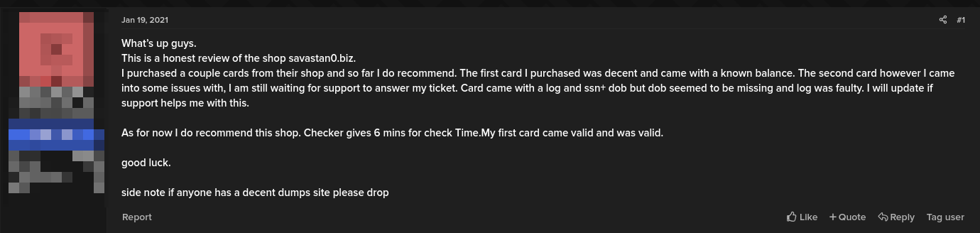 According to the first screenshot below taken from a popular carding forum and posted on the 12th of October 2020, the user/group behind Savastan0 has been being active from around 2010, while the shop is online since 2019 or 2020 (the domain savastan0.biz was registered in 2019).
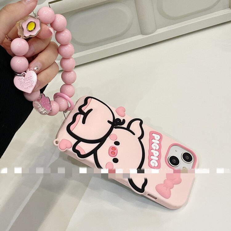 送料無料!iPhone 14 Plusケース アイフォン14 プラス ケース Apple 6.7インチ スマホケース 保護カバー 背面カバー シリコン ソフトケース チェーン付き 超可愛 PIG ピンク | nextcase
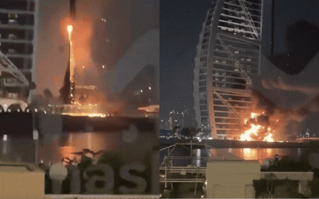 Công trình mang thiết kế hình cánh buồm đặc trưng, cao 321 mét và được xếp vào nhóm những khách sạn cao nhất thế giới, đã xảy ra hỏa hoạn sau khi các mảnh vỡ từ một máy bay không người lái Iran bị đánh chặn rơi trúng phần mặt ngoài tòa nhà.
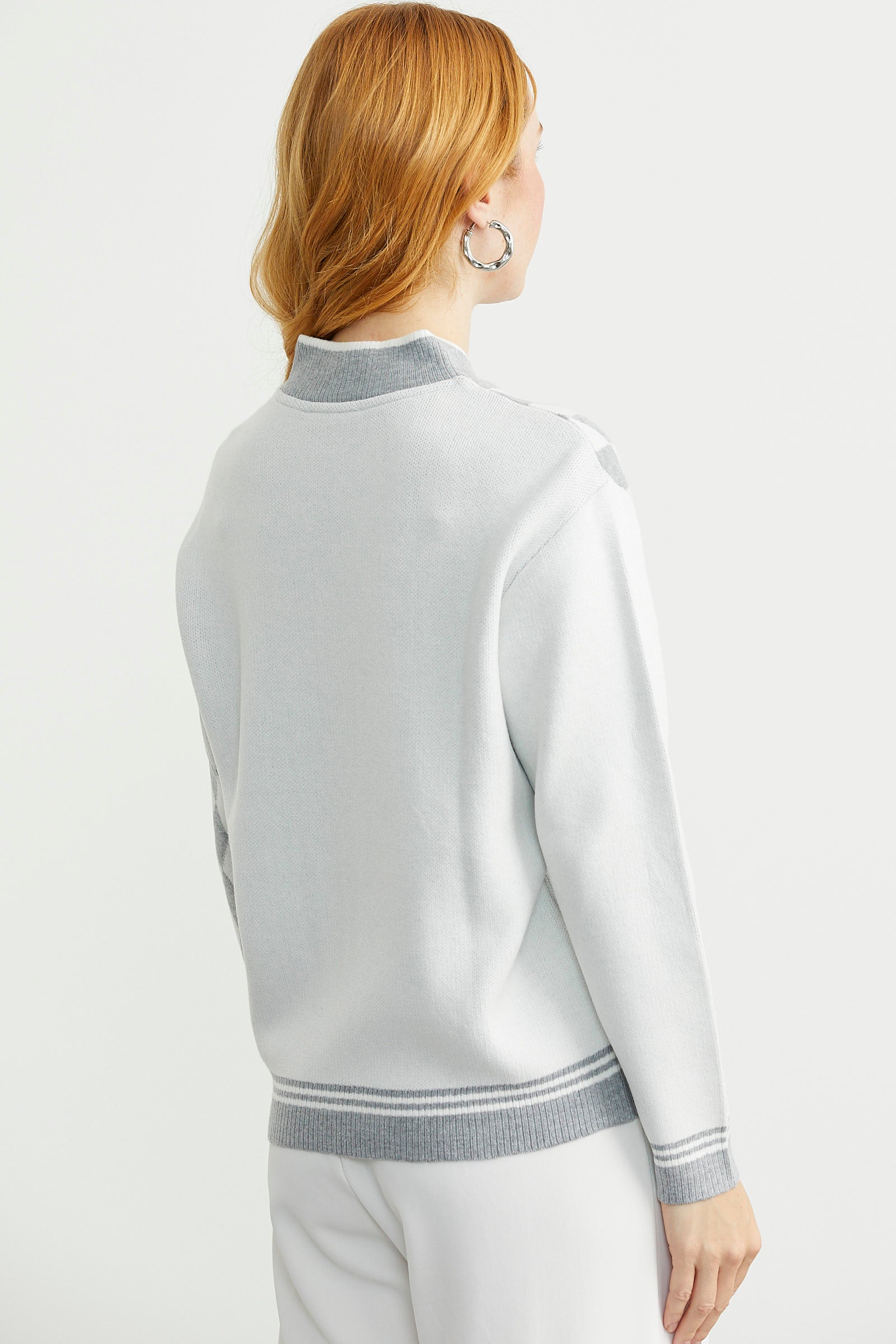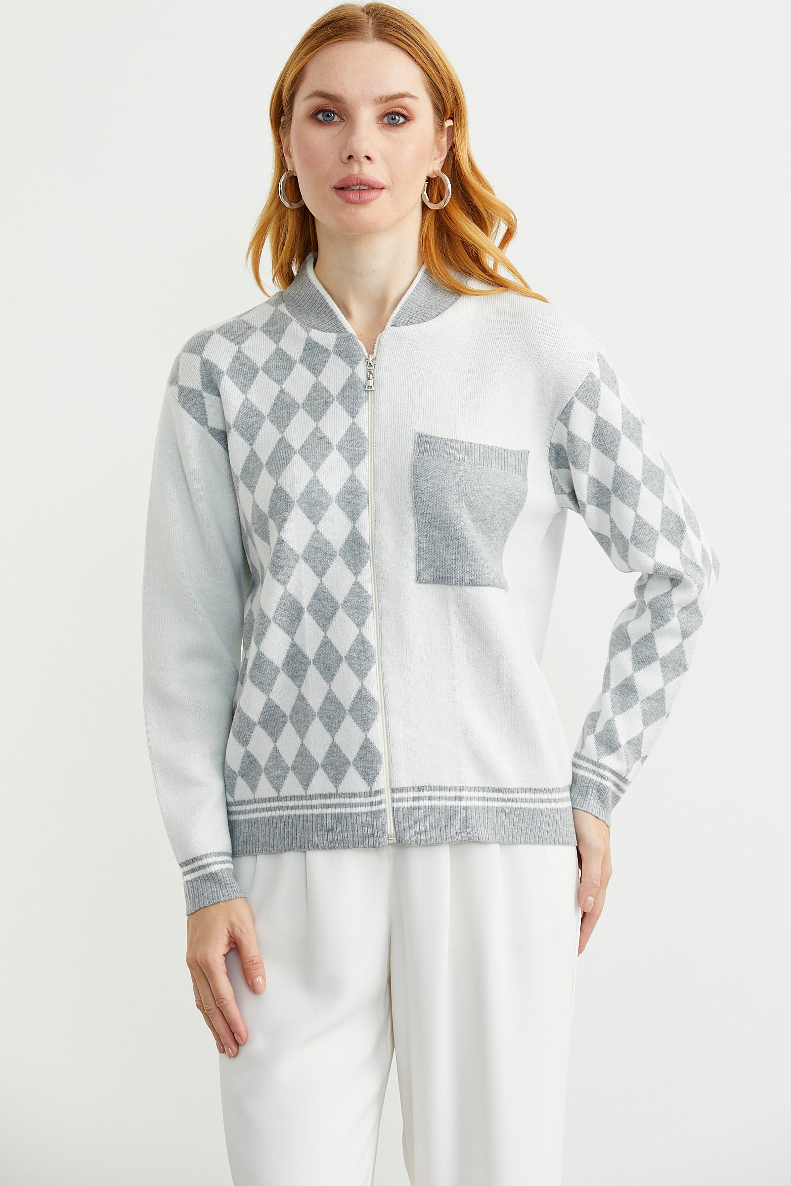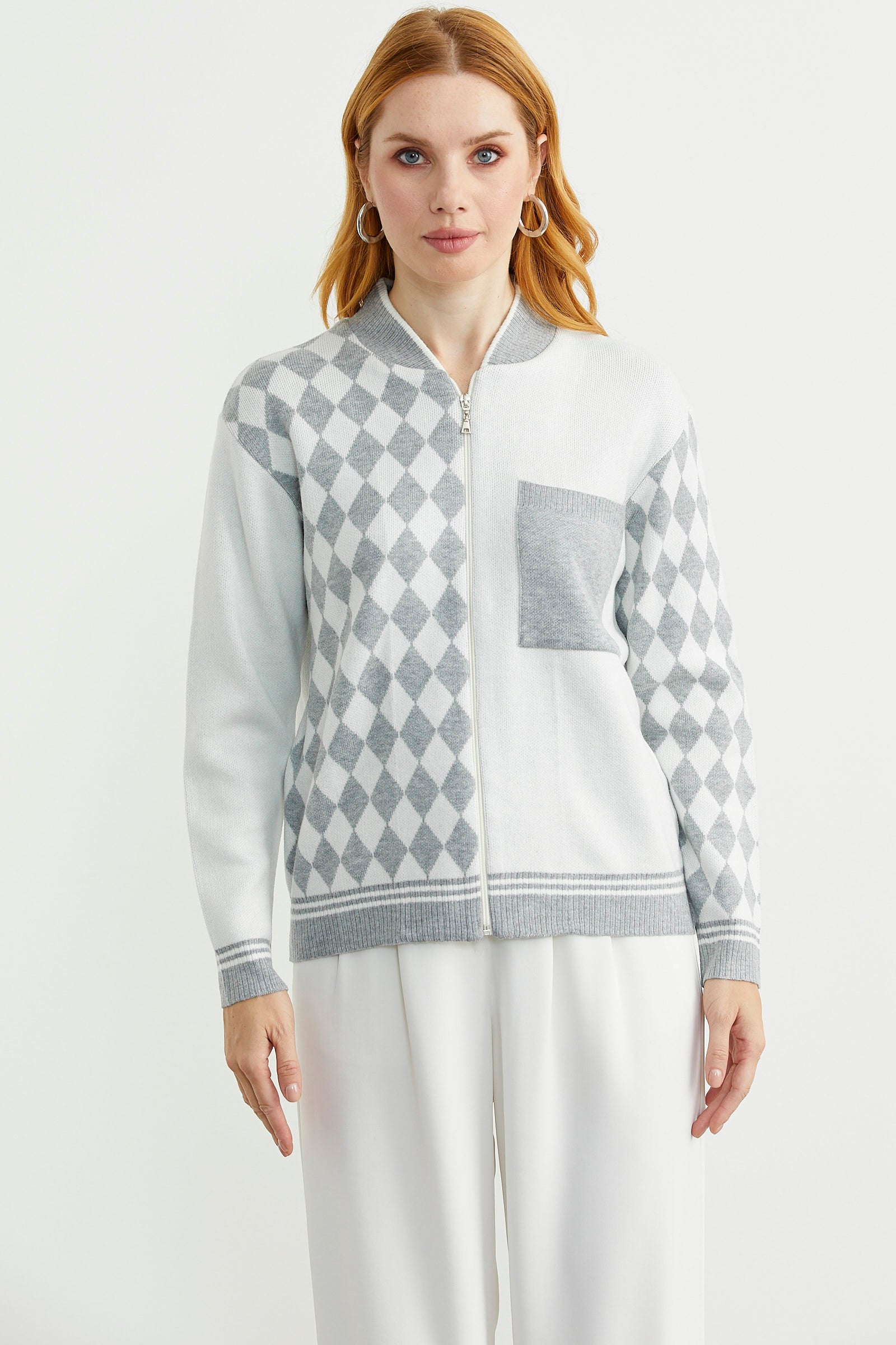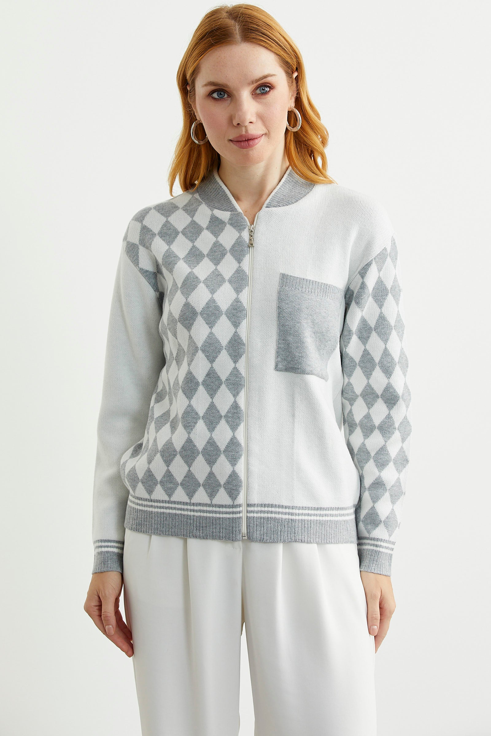Fermuarlı Baklava Motifli Triko Hırka - Gri
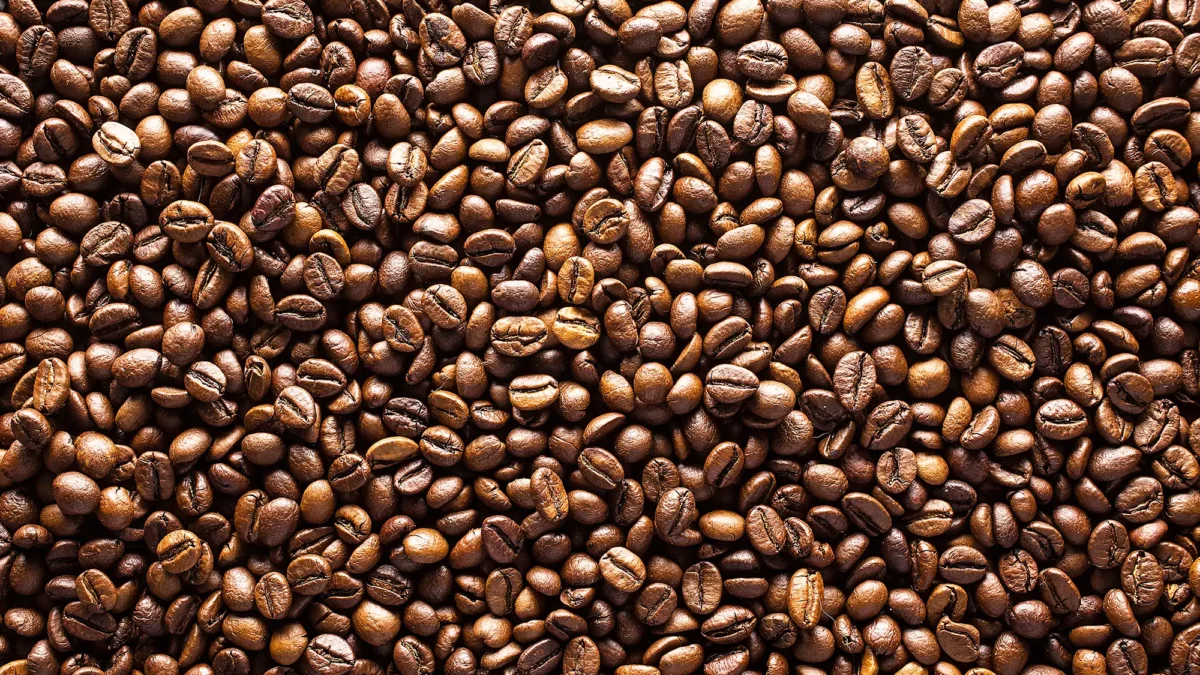 When roasted, coffee beans go from a bright green colours to dark brown. The longer they’re roasted, the darker they’ll be.
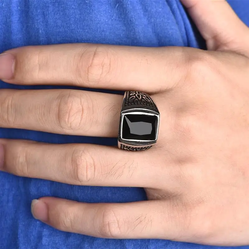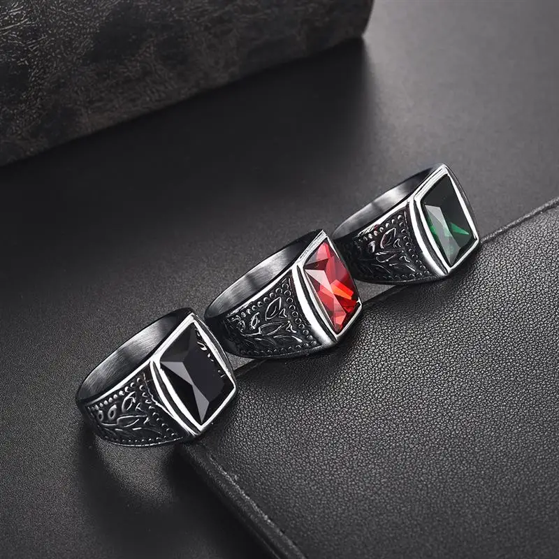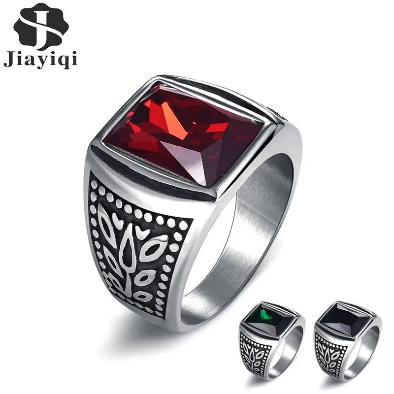 Мужские кольца Jiayiqi, из титановой нержавеющей стали, с квадратным цирконием, винтажные, ювелирные украшения для пальцев, Anel, мужское кольцо с камнем
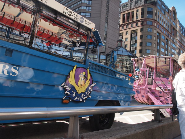 午前中は名物ツアーの「ボストンダックツアー」に参加しました。水陸両用車をかっ飛ばして街なかと川からボストンを観光しようというツアーです。ドライバーさんが英語でマシンガントークしながら街中をかっとばしていくツアーで、正直言っていることの5%くらいしかわかりませんでしたが面白かったです。
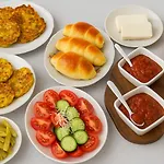 An Italian breakfast is offered at the Vila Mozaik Kavaje.
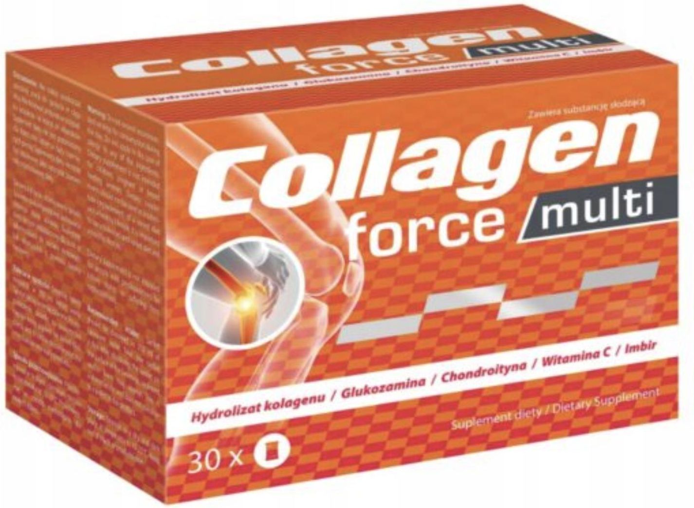 WEGAFARM Collagen Force Multi 30 sasz Cechy produktu Zawiera hydrolizat kolagenu wołowego i rybiego. Uzupełniony o siarczan glukozaminy, siarczan chondroityny oraz witaminę C. Kompleksowa formuła – wzbogacona o witaminy i minerały, które wspierają produkcję kolagenu. Poprawia elastyczność skóry i redukuje widoczność zmarszczek. Przyczynia się do zdrowego wzrostu i zwiększenia wytrzymałości włosów i paznokci. Pomaga w utrzymaniu prawidłowej ruchomości i wytrzymałości stawów. Wygodna forma saszetek. Naturalny smak. WEGAFARM Collagen Force Multi 30 sasz - opis WEGAFARM Collagen Force Multi to suplement diety opracowany z myślą o wsparciu zdrowia skóry, włosów, paznokci oraz stawów. Każda saszetka zawiera starannie dobraną mieszankę wysokiej jakości kolagenu oraz dodatkowe składniki aktywne, które wspierają regenerację tkanek i spowalniają procesy starzenia. Dzięki temu produktowi możesz cieszyć się jędrną i elastyczną skórą, a także zdrowymi, błyszczącymi włosami i mocnymi paznokciami. Suplement ten wyróżnia się kompleksową formułą, która nie tylko dostarcza organizmowi niezbędny kolagen, ale także wzbogacona jest o witaminy i minerały wspierające produkcję kolagenu oraz ochronę komórek przed stresem oksydacyjnym. Regularne stosowanie WEGAFARM Collagen Force Multi przyczynia się do poprawy elastyczności skóry, redukcji zmarszczek oraz ogólnej poprawy kondycji włosów i paznokci. Dodatkowo, preparat wspiera zdrowie stawów, pomagając utrzymać ich prawidłową ruchomość i wytrzymałość, co jest istotne dla osób aktywnych fizycznie. Dzięki wygodnej formie saszetek, suplement jest prosty w użyciu w różnych warunkach – wystarczy rozpuścić zawartość saszetki w wodzie lub ulubionym napoju i cieszyć się pełnymi korzyściami produktu. Dla kogo? WEGAFARM Collagen Force Multi to zaawansowany suplement diety w formie wygodnych saszetek, który wspiera regenerację skóry, włosów, paznokci oraz stawów dzięki wysokiej jakości kolagenowi i dodatkowym składnikom odżywczym. Regularne stosowanie poprawia elastyczność skóry, wzmacnia włosy i paznokcie oraz wspiera zdrowie stawów, oferując kompleksowe wsparcie dla Twojej urody i kondycji. Składniki aktywne: 1 saszetka (% RWS*) Hydrolizat kolagenu wołowego: 8000 mg Siarczan glukozaminy 2KCl: 1000 mg w tym glukozamina: 595,14 mg Hydrolizat kolagenu rybiego: 600 mg Witamina C: 450 mg (562,5%) Siarczan chondroityny: 200 mg w tym chondroityna: 152,61 mg Ekstrakt z kłącza imbiru Zingiber officinale Roscoe: 100 mg Składniki: hydrolizat kolagenu wołowego, siarczan glukozaminy 2KCl ze skorupiaków,hydrolizat kolagenu rybiego, kwas L-askorbinowy ( witamina C), regulator kwasowości ( kwas cytrynowy), sól sodowa siarczanu chondroityny, ekstrakt z kłącza imbiru Zingiber officinale Roscoe, aromat wiśniowy, substancja przeciwzbrylająca: (dwutlenek krzemu), koncentrat buraka czerwonego, aromat pomarańczowy, substancja słodząca (sukraloza), barwnik ( ryboflawina). Opakowanie: 30 sasz. Porcja: 1. Liczba porcji w opakowaniu: 30. Sposób użycia Saszetkę należy rozpuścić w 250 ml letniej wody. Spożyć jedną saszetkę dziennie. Po rozpuszczeniu saszetki na powierzchni napoju może pojawić się obsad i/lub piana. Jest to cecha charakterystyczna i nie stanowi ona wady produktu. Przeciwwskazania Nie zaleca się stosowania przez kobiety w ciąży, matki karmiące piersią, dzieci, a także osoby uczulone na któryś ze składników produktu. Suplement diety nie może być substytutem (zamiennikiem) zdrowego trybu życia. Nie przekraczać zalecanej dziennej dawki! Przechowywanie Przechowywać w suchym i ciemnym miejscu niedostępnym dla małych dzieci. Podmiot odpowiedzialny: WegaFarm Plucinścy sp. k., NIP 8571927266, ul. Niekładzka 9, 72-300 Gryfice. DO KAŻDEGO ZAMÓWIENIA OTRZYMUJESZ GRATIS! SM MAGAZYN - VIDEOBOOK DLA MIŁOŚNIKÓW SPORTU Wywiady z ikonami sportu Treningi z najlepszymi w swojej dziedzinie Diety Poradniki Ciekawostki Robiąc zakupy otrzymujesz nielimitowany dostęp do darmowej prenumeraty SM Magazyn, który wysyłamy do Ciebie w formie elektronicznej po opłaceniu zamówienia. Każdy numer to ponad 80 stron! Otrzymujesz także dostęp do pełnego archiwum! Jesteśmy autorem oraz wydawcą videobooka SM Magazyn. Dzieło zarejestrowane pod ISBN: 978-83-955667-1-4
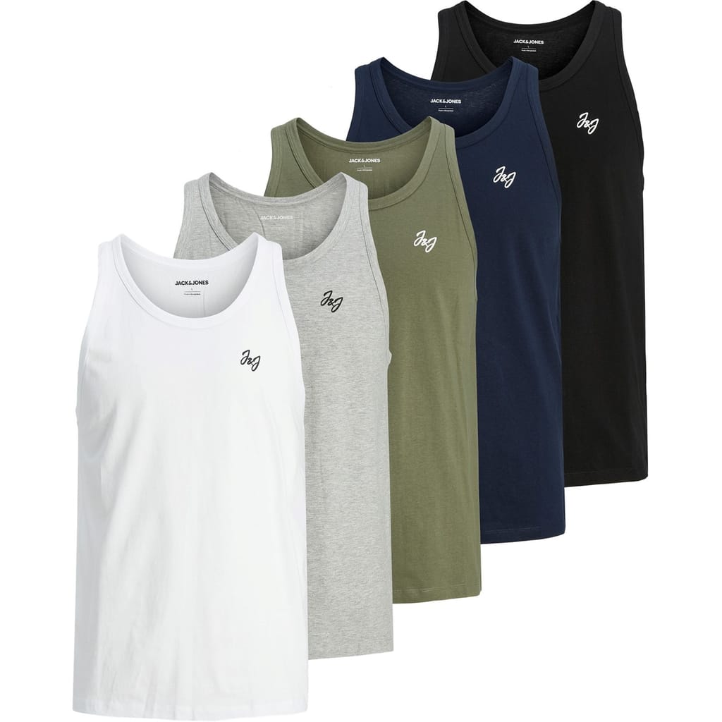 Upgrade your essentials with this 5-pack of Jack and Jones tank tops. These sleeveless vests feature a scoop neck and solid pattern, offering a regular fit for everyday comfort. Each piece is adorned with a logo, making them a stylish addition to your wardrobe. -

----

■ Action item ■
Give back exactly, and solely, the section of the data above bounded by the line containing "Fermuarlı Baklava Motifli Triko Hırka - Gri" and the line containing "Мужские кольца Jiayiqi, из", both bounding lines included and pictures omitted.

■ Written solution ■
Fermuarlı Baklava Motifli Triko Hırka - Gri
 When roasted, coffee beans go from a bright green colours to dark brown. The longer they’re roasted, the darker they’ll be.
 Мужские кольца Jiayiqi, из титановой нержавеющей стали, с квадратным цирконием, винтажные, ювелирные украшения для пальцев, Anel, мужское кольцо с камнем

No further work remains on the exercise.